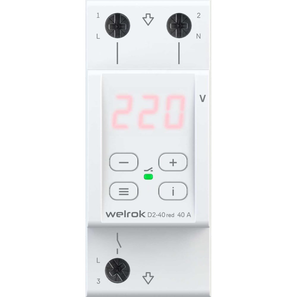 Реле напряжения Welrok d2-40 red 4660251140083 защищает оборудование от скачков и провалов напряжения, обрыва нулевого провода. Реле отключает нагрузку, если сетевое напряжение выходит за установленные пределы. Когда значение напряжения вернется в норму, нагрузка будет автоматически включена обратно. Подключение можно сделать с транзитом или без транзита нуля через Welrok D2 red. При этом вход нуля может быть как вверху так и внизу реле. Welrok D2 red - компактное реле на 2 модуля с мощным функционалом: Для уменьшения количества срабатываний: Скорость срабатывания реле < 0,03 сек. TrueRMS для точного измерения напряжения. Защита от частых срабатываний. Регулируемый гистерезис. Регулируемая задержка включения нагрузки. Профессиональная модель отключения при выходе напряжения за пределы. Для анализа питающей сети по характеру аварийных срабатываний: Журнал срабатываний на 100 значений. Для комфортной и безопасной эксплуатации: Поправка напряжения на экране. Регулировка яркости экрана. Защита от перегрева. Корпус реле напряжения изготовлен из пластика, не поддерживающего горение.
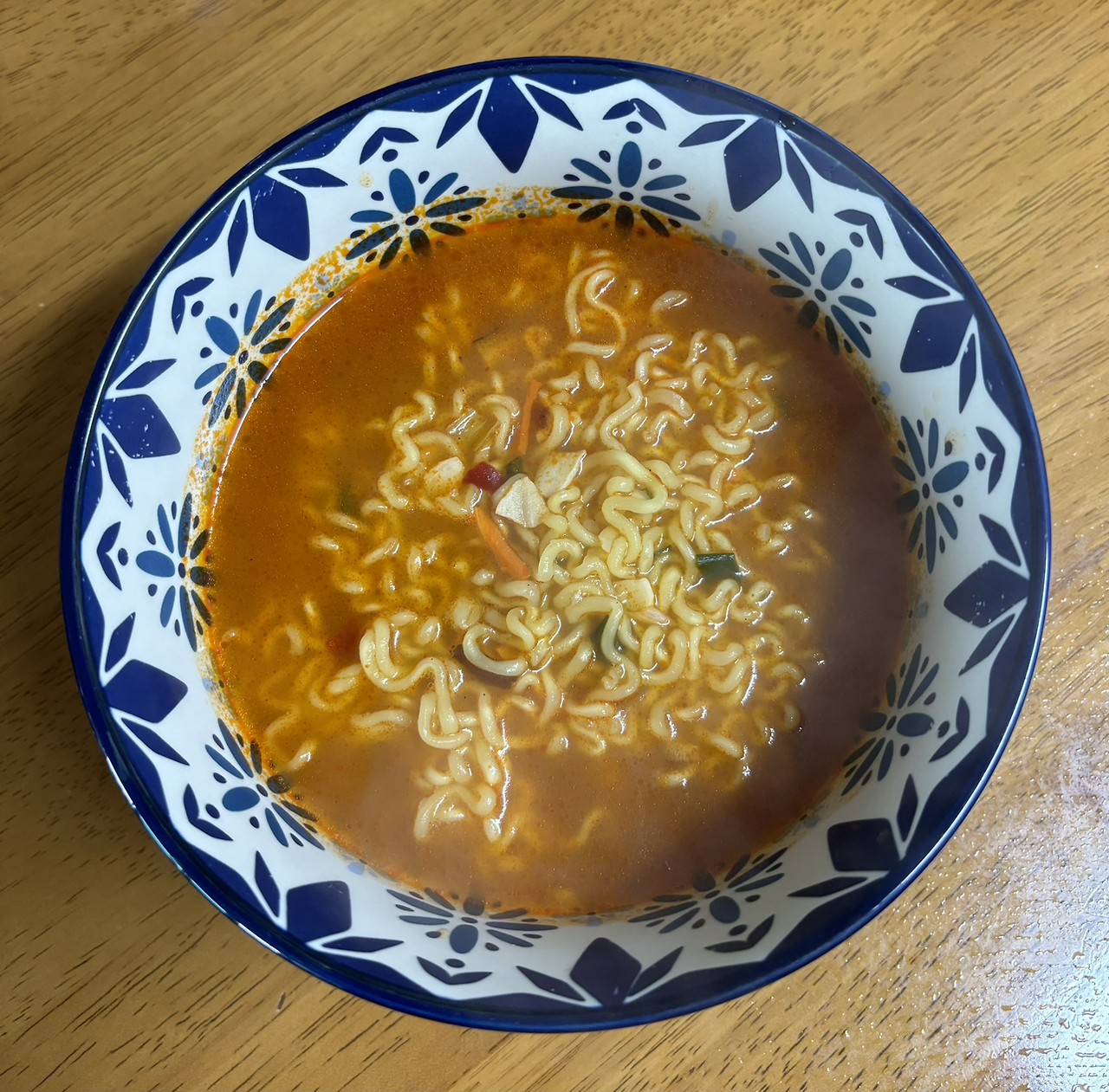 국물 먼저 먹어본다. 매콤이다. 감칠이다. 고소한 맛이 따라온다. 뭔가 개운한 맛도 있다. 면은 쫄깃하고 부드럽다. 부드러운 면발도 면발이겠지만 면을 감싸고도는 기름의 성분 때문에 더 부드러운 것 같다. 유성스프 때문이 아닐까. 면을 먹을 때도 매운맛이 느껴진다. 다시 국물을 떠먹어보니 소고기 맛도 난다. 면을 건졌을 때 잔잔하게 풀린 계란이 따라온다. 건더기엔 미역, 파가 보인다. 먹는 내내 부드러운 면발이 사람을 기분 좋게 한다. 이제 마지막이다. 그릇째 국물을 마셔본다. 진하면서도 얼큰함, 감칠맛과 고소함까지 따라오니 참 맛있다. 약간 육개장 맛도 나는 것 같고. 비 살짝 내리고 흐린 날 이 라면을 먹으니 참 잘 어울린다. 부드러운 면발에 얼큰하고 시원한 국물과 참깨의 고소함의 콜라보. 생각보다 맛있고 맑은 날 보다 흐린 날 추천! 라면봉지 앞에 적힌 문구처럼 ‘얼큰하고 고소한‘이 딱인 라면이 아닐까. 참깨라면은 주로 사발면으로 먹었었는데 한 번씩 생각날 라면이 되지 않을까 한다.
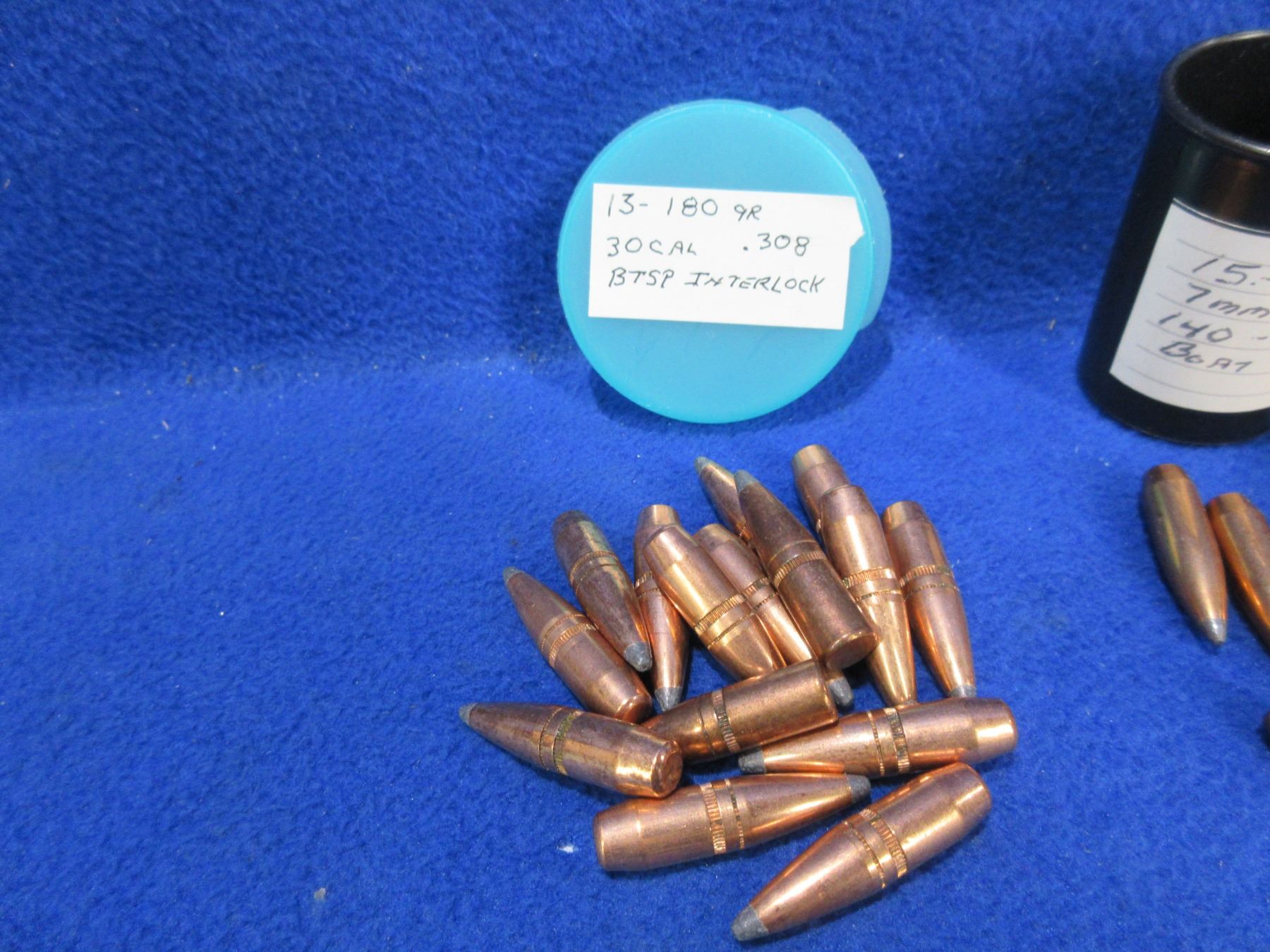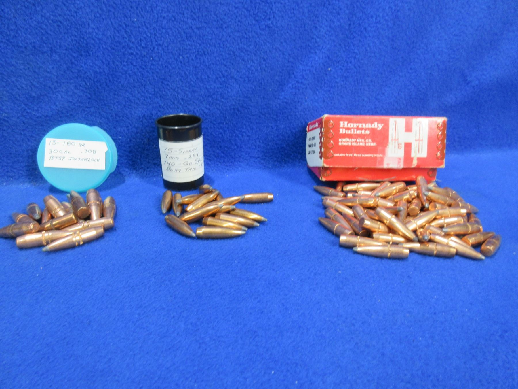 7MM .284" and 30 Cal. .308" Bullets - Box of 60 (7MM 139gr BTSP Hornady), Box of 15 (7MM 140gr Spitzer BT Sierra), Box of 13 (30 Cal. BTSP Interlock Hornady)
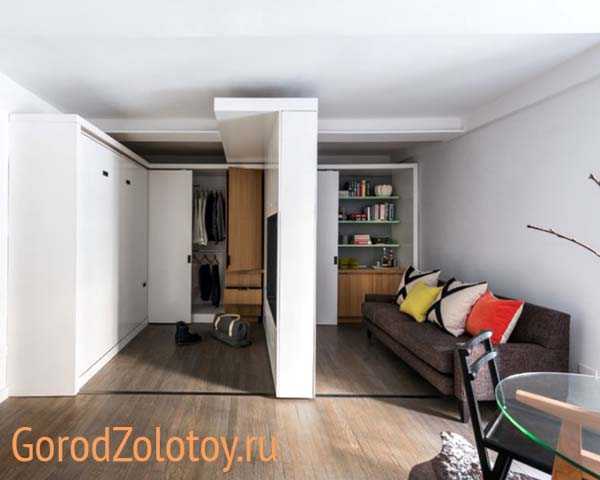 Скройте все, что можно скрыть: встроенные шкафы-купе, большие полки на стене, но без эффекта создания дополнительного объема в помещении. Для этого совсем не обязательно сооружать громоздкие перегородки из гипсокартонаИдеальный вариант — раздвижные перегородки для зонирования комнаты, которые помогут минимизировать потери полезной площади.
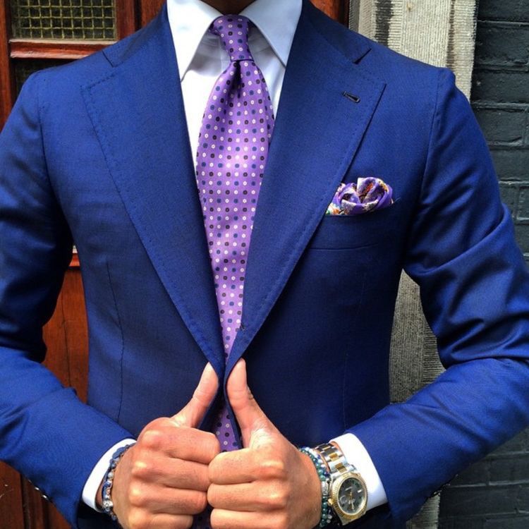 Костюмы синего цвета отлично сочетаются с рубашками и галстуками различных расцветок, что открывает неограниченные возможности для эксперимента.
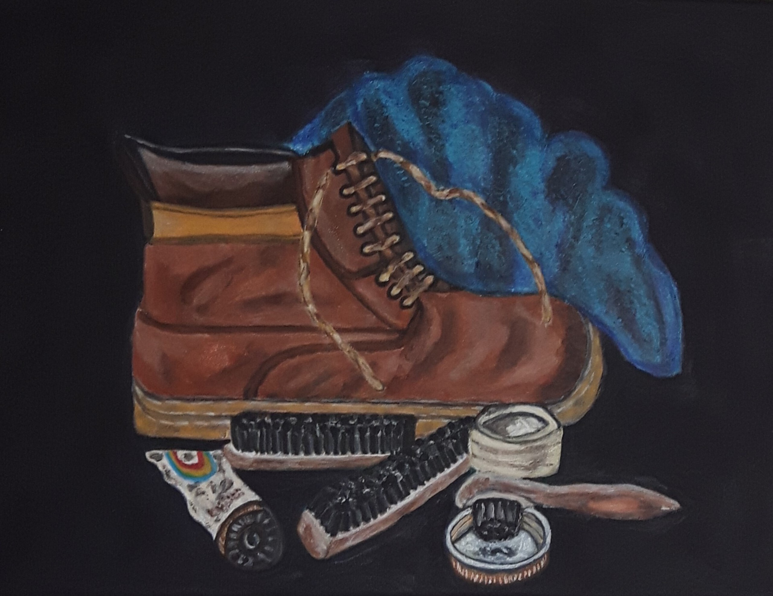 schoen met poetsmiddelen, doek, geschilderd met acrylverf Expositie 2019 De Meent te Nuland
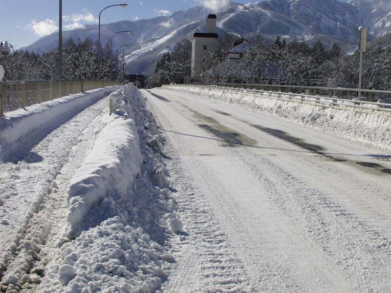 松川白馬大橋 村中圧雪路です。夜はカッキンコッキンです。
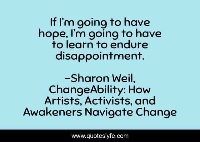 This page presents the quote "If I’m going to have hope, I’m going to have to learn to endure disappointment.". Author of this quote is Sharon Weil, ChangeAbility: How Artists, Activists, and Awakeners Navigate Change. This quote is about motivation, sharon-weil, changeability, change, keep-your-head-up, hopeful, keep-going, dissapointment, endure,.
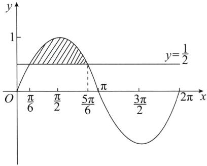 解:在同一平面直角坐标系中,作函数y = sinx(x∈[0,2π])的图象以及直线y = $\frac{1}{2}$,如图所示.
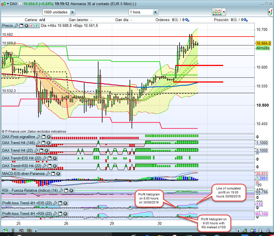 I am trying to improve the strategy of “Day-trading the DAX with the Trend” (http://www.prorealcode.com/prorealtime-trading-strategies/day-trading-dax-trend/), and built an indicator to see the profits per candle on every trade, and think on the possible changes on this strategy. I found a solution including the Elder Impulse System, operating if it is green or red (depending if it should be long or short), on the timeframe of 1 hour, starting on 8:00 and ending on 21.00 hours. It seems that normally the most profitable candles are between 9:00 and 11:00, but on the paper this indicator can be used between 8:00 and 21:00 hours with minimized losses.
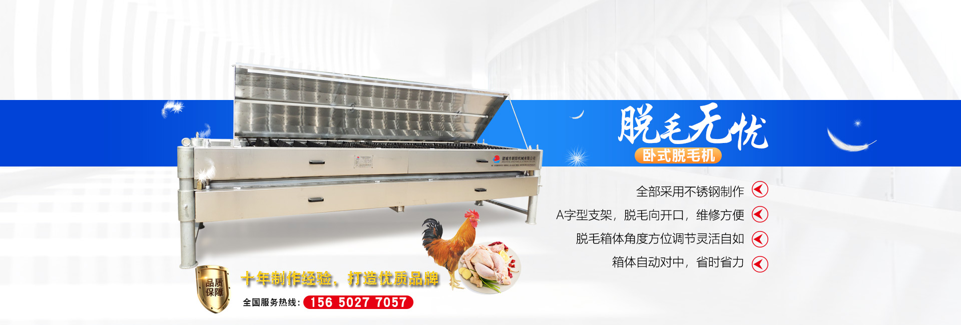 公司長(zhǎng)期與國(guó)內(nèi)外屠宰加工企業(yè)合作,走引進(jìn)——消化——?jiǎng)?chuàng)新和自主研發(fā)相結(jié)合的道路,在國(guó)內(nèi)外同類(lèi)產(chǎn)品的基礎(chǔ)上,不斷更新和改造。公司主要設(shè)備有:A字型立式脫毛機(jī)、臥式脫毛機(jī)、強(qiáng)力噴淋機(jī)、松毛機(jī)、浸燙池、螺旋預(yù)冷機(jī)、禽籠清洗機(jī)、電暈機(jī)、兔扯皮機(jī)、兔割前爪/后爪機(jī)、剝胗機(jī)、自動(dòng)洗鉤機(jī)、螺旋燙爪機(jī)、雞爪脫皮機(jī)、分割輸送帶等屠宰用設(shè)備。其中,公司獨(dú)力發(fā)明生產(chǎn)設(shè)計(jì)的“電動(dòng)調(diào)節(jié)脫毛機(jī)”及“自動(dòng)控水控溫浸燙池”順利通過(guò)知識(shí)產(chǎn)權(quán)局的實(shí)質(zhì)性審查。公司所生產(chǎn)的設(shè)備 可與國(guó)外同類(lèi)產(chǎn)品配套使用,設(shè)備遠(yuǎn)銷(xiāo)阿爾及利亞、澳大利亞等中東、非州等并建立了長(zhǎng)期穩(wěn)定的合作關(guān)系。

#### [Task requirements]
Return exactly the lines from the one with "解:在同一平面直角坐标系中,作函数y = sinx(x∈[0,2π])的图象以及直线y" through the last line of the entries above, both ends included. No pictures may appear in the copy.

#### [The answer]
 解:在同一平面直角坐标系中,作函数y = sinx(x∈[0,2π])的图象以及直线y = $\frac{1}{2}$,如图所示.
 I am trying to improve the strategy of “Day-trading the DAX with the Trend” (http://www.prorealcode.com/prorealtime-trading-strategies/day-trading-dax-trend/), and built an indicator to see the profits per candle on every trade, and think on the possible changes on this strategy. I found a solution including the Elder Impulse System, operating if it is green or red (depending if it should be long or short), on the timeframe of 1 hour, starting on 8:00 and ending on 21.00 hours. It seems that normally the most profitable candles are between 9:00 and 11:00, but on the paper this indicator can be used between 8:00 and 21:00 hours with minimized losses.
 公司長(zhǎng)期與國(guó)內(nèi)外屠宰加工企業(yè)合作,走引進(jìn)——消化——?jiǎng)?chuàng)新和自主研發(fā)相結(jié)合的道路,在國(guó)內(nèi)外同類(lèi)產(chǎn)品的基礎(chǔ)上,不斷更新和改造。公司主要設(shè)備有:A字型立式脫毛機(jī)、臥式脫毛機(jī)、強(qiáng)力噴淋機(jī)、松毛機(jī)、浸燙池、螺旋預(yù)冷機(jī)、禽籠清洗機(jī)、電暈機(jī)、兔扯皮機(jī)、兔割前爪/后爪機(jī)、剝胗機(jī)、自動(dòng)洗鉤機(jī)、螺旋燙爪機(jī)、雞爪脫皮機(jī)、分割輸送帶等屠宰用設(shè)備。其中,公司獨(dú)力發(fā)明生產(chǎn)設(shè)計(jì)的“電動(dòng)調(diào)節(jié)脫毛機(jī)”及“自動(dòng)控水控溫浸燙池”順利通過(guò)知識(shí)產(chǎn)權(quán)局的實(shí)質(zhì)性審查。公司所生產(chǎn)的設(shè)備 可與國(guó)外同類(lèi)產(chǎn)品配套使用,設(shè)備遠(yuǎn)銷(xiāo)阿爾及利亞、澳大利亞等中東、非州等并建立了長(zhǎng)期穩(wěn)定的合作關(guān)系。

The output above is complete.